X = df[feature_cols]
y = df['breach']

# Categorical cols
cat_features = ['category']
num_features = ['request_SLA_days', 'testing_SLA_days', 'month', 'year']

# Preprocess: one‑hot encode category
preprocessor = ColumnTransformer(
    transformers=[
        ('cat', OneHotEncoder(handle_unknown='ignore'), cat_features),
        ('num', 'passthrough', num_features)
    ]
)


## 3. Train/Test Split & Model Training

In [None]:

X_train, X_test, y_train, y_test = train_test_split(
    X, y, test_size=0.3, stratify=y, random_state=42
)

# Logistic Regression pipeline
logreg_pipeline = Pipeline(steps=[
    ('preprocess', preprocessor),
    ('model', LogisticRegression(max_iter=1000))
])

# Gradient Boosting pipeline
gb_pipeline = Pipeline(steps=[
    ('preprocess', preprocessor),
    ('model', GradientBoostingClassifier())
])

models = {
    'LogisticRegression': logreg_pipeline,
    'GradientBoosting': gb_pipeline
}

for name, pipe in models.items():
    pipe.fit(X_train, y_train)
    y_pred = pipe.predict(X_test)
    y_proba = pipe.predict_proba(X_test)[:, 1]
    auc = roc_auc_score(y_test, y_proba)
    print(f"\n=== {name} ===")
    print("AUC:", round(auc, 3))
    print("Classification Report:\n", classification_report(y_test, y_pred))

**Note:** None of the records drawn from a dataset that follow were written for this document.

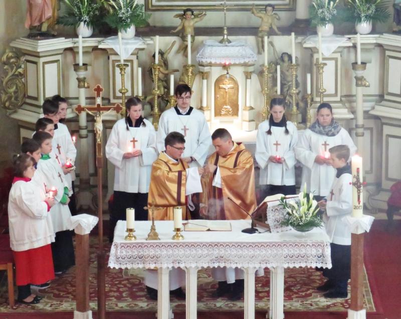 A 2017-es év olyan nagyheti élményekkel gazdagított, amilyenekben eddigi életem során még nem volt részem. Ez mentorom, Józsa Nándor Lóránd és Kuglis Gábor Levente atya mellett elsősorban az Orosz Zoltán által vezetett "Báthory István” Római Katolikus Kórusnak köszönhető, mely nagyobb egyházi ünnepek előtt újra és újra összeáll a Római Katolikus Plébánián. 2017 márciusában én is csatlakozhattam ehhez a kiváló énekes társasághoz. Ettől kezdve heti rendszerességgel próbáltunk, és szívvel lélekkel készültünk Virágvasárnap, Nagycsütörtök, Nagypéntek, Nagyszombat, Feltámadás, illetve Húsvét vasárnap miséinek énekes szolgálatára. Munkánknak meglett a gyümölcse, kórusunk igazán méltó módon színesítette az egyházi év egyik legjelentősebb ünnepkörét, mely által mindannyian részesülhettünk a megváltás örömteli kegyelmében.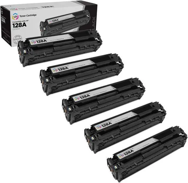 Save even more with our remanufactured laser toner cartridges. This listing contains 5 CE320A Black ink cartridges. Why pay more for brand name Hewlett Packard 128A printer toner cartridges when our remanufactured printer supplies deliver excellent quality results for a fraction of the price? Our remanufactured ink cartridges are not manufactured by HP. So stock up now and save even more! This combo set works with the following HP Color LaserJet and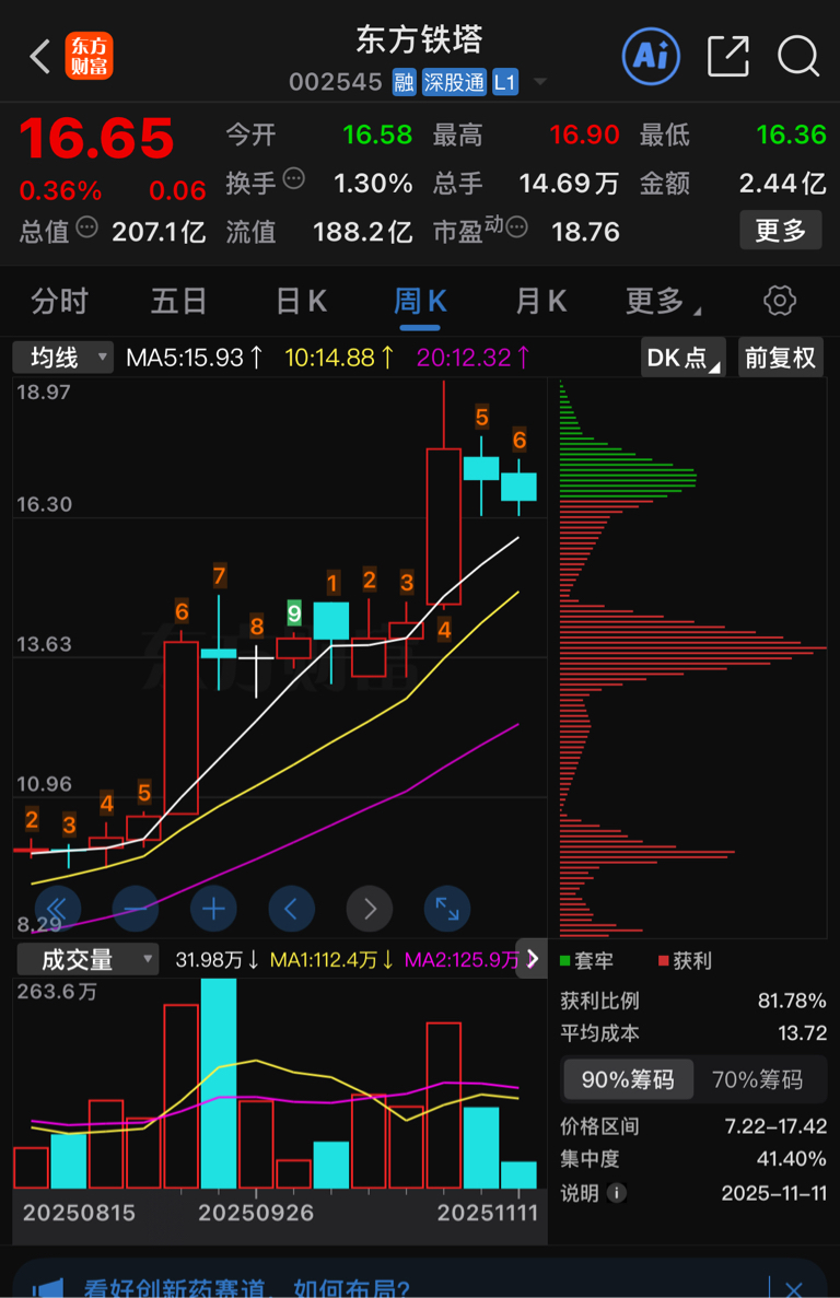 $东方铁塔(SZ002545)$ 东方铁塔的周K,倍量后的调整十分充电了
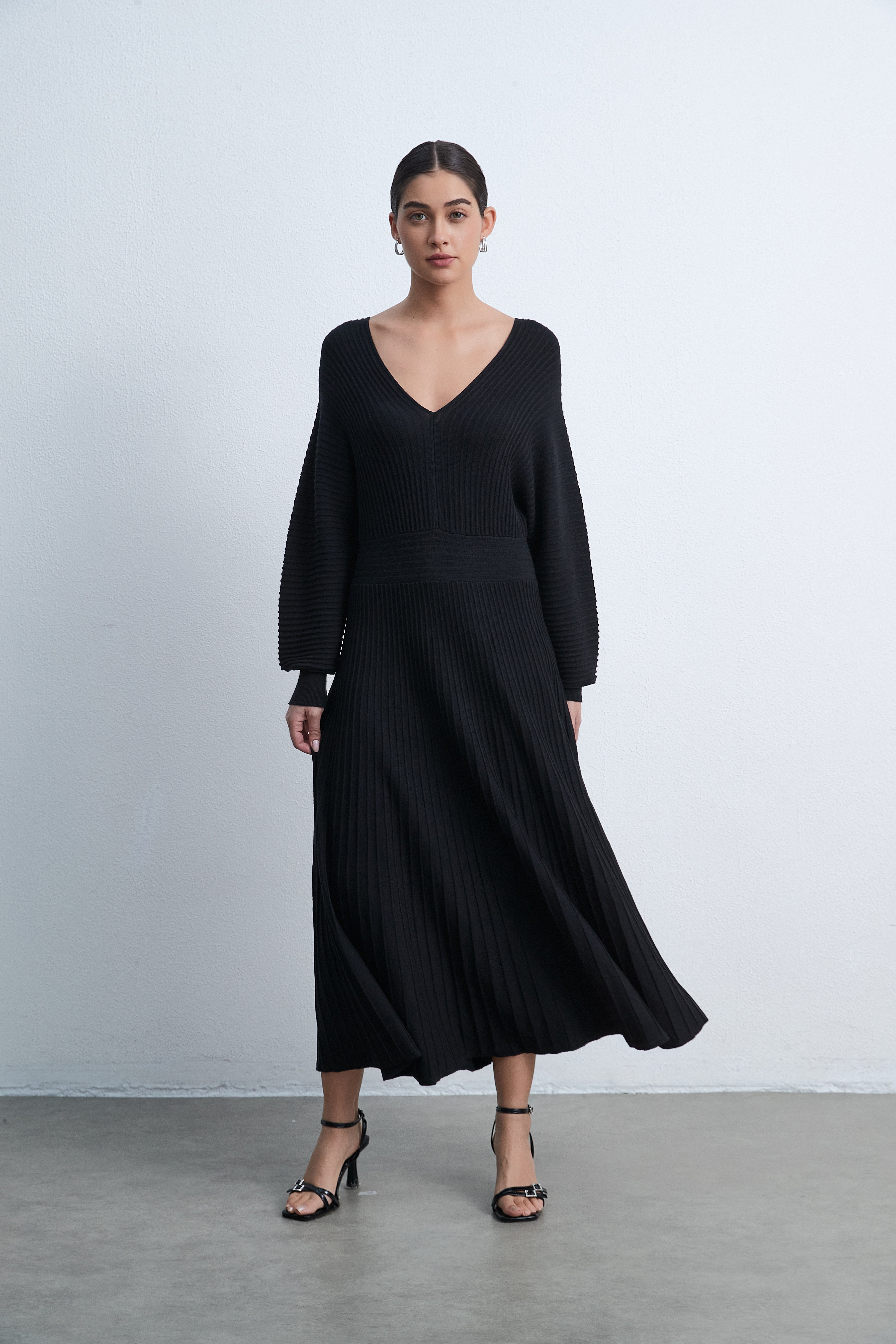 لما تبحثين عن فستان أنيق يناسب مناسبات متعددة وتبقين مواكبة للموضة، هذا الفستان الأسود بقصة A سيكون خيارك الذكي. القماش بسمك متوسط يعطي توازن بين الاحتشام والخفة، وستحبين كيف يتحرك معك، خصوصاً بطوله الميدي الذي يصلح للخروجات الرومانسية والسهرات الأنيقة. ياقة V تضيف لمسة أنثوية من دون مبالغة، والأكمام المنفوخة الطويلة تعطي حضوراً مميزاً دون الحاجة لتفاصيل أخرى. الفستان سادة وبقصة عادية، مما يجعله لوحة جاهزة لإكسسوارك المفضل—ولأنه بدون جيوب وبدون حزام يبقى نظيف الخطوط وواضح الشكل. مناسب لكل المواسم ويمكن تنسيقه بسهولة لصباح عملي أو مساء أنيق. اعثري على مقاسك في فاشن السعودية وأضيفي هذه القطعة المتنوعة إلى خزانة ملابسك اليوم.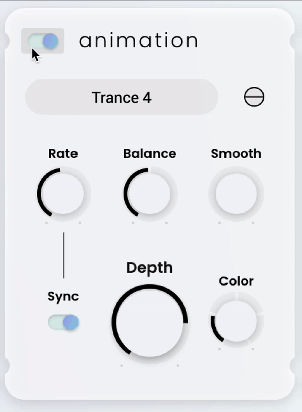 Add layers of sonic paint to your music with ANIMATION. Whether you want to create gentle ripples, choppy stutters or pulsating beats, our range of selectable shapes and adjustable parameters provide a colourful palette of sound.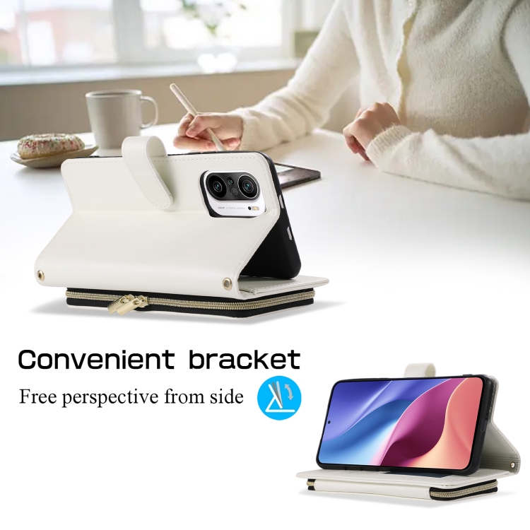 Funda de Cuero Tipo Billetera con Cremallera Completa y Diseño Rombal para Xiaomi Poco F3 (Blanca)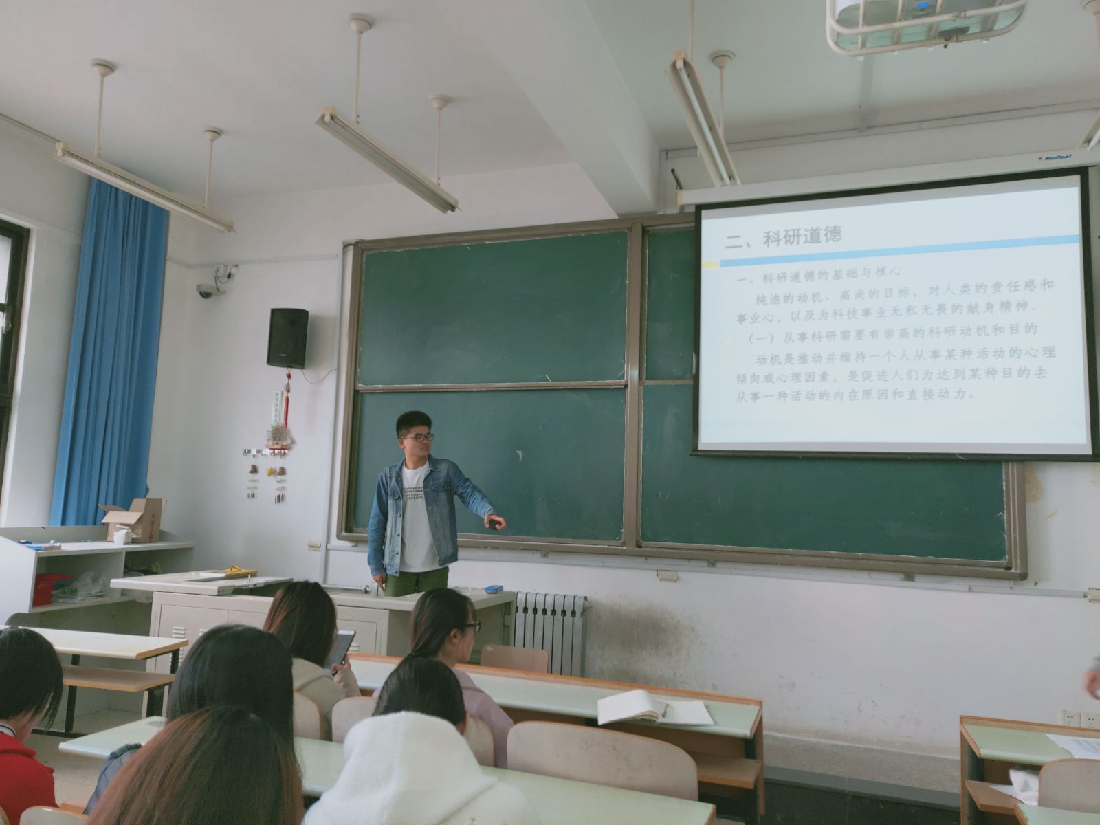 会议伊始,全体研究生认真阅读并签署了学术诚信承诺书,保证端正学风,实事求是,维护学术道德,反对学术不端。会上,刘振伟介绍了科学精神与科研道德的含义,并结合实例分析强调了学术诚信的重要性,以及违反学术道德对自身发展、乃至整个研究领域的重大影响。全体研究生一同观看了学术诚信教育视频,响应热烈。作为一名合格的研究生,应当保持严谨认真的科研态度,努力钻研学习,绝不走违反法律违反道德的捷径。

## 4. Evaluation: ROC Curve

In [None]:

best_model = gb_pipeline  # choose based on AUC above
RocCurveDisplay.from_estimator(best_model, X_test, y_test)
plt.show()


## 5. Save Model Artifact

In [None]:

model_path = "/mnt/data/gb_sla_breach_model.pkl"
joblib.dump(best_model, model_path)
print("Model saved to:", model_path)



### 6. Next Steps
* Integrate with live SharePoint data via Power Automate.
* Schedule daily inference job and write predictions back to a risk‑monitoring list.
* Enhance feature set with rolling backlog metrics and requester metadata.
* Perform hyper‑parameter tuning (e.g., `GridSearchCV`) for production deployment.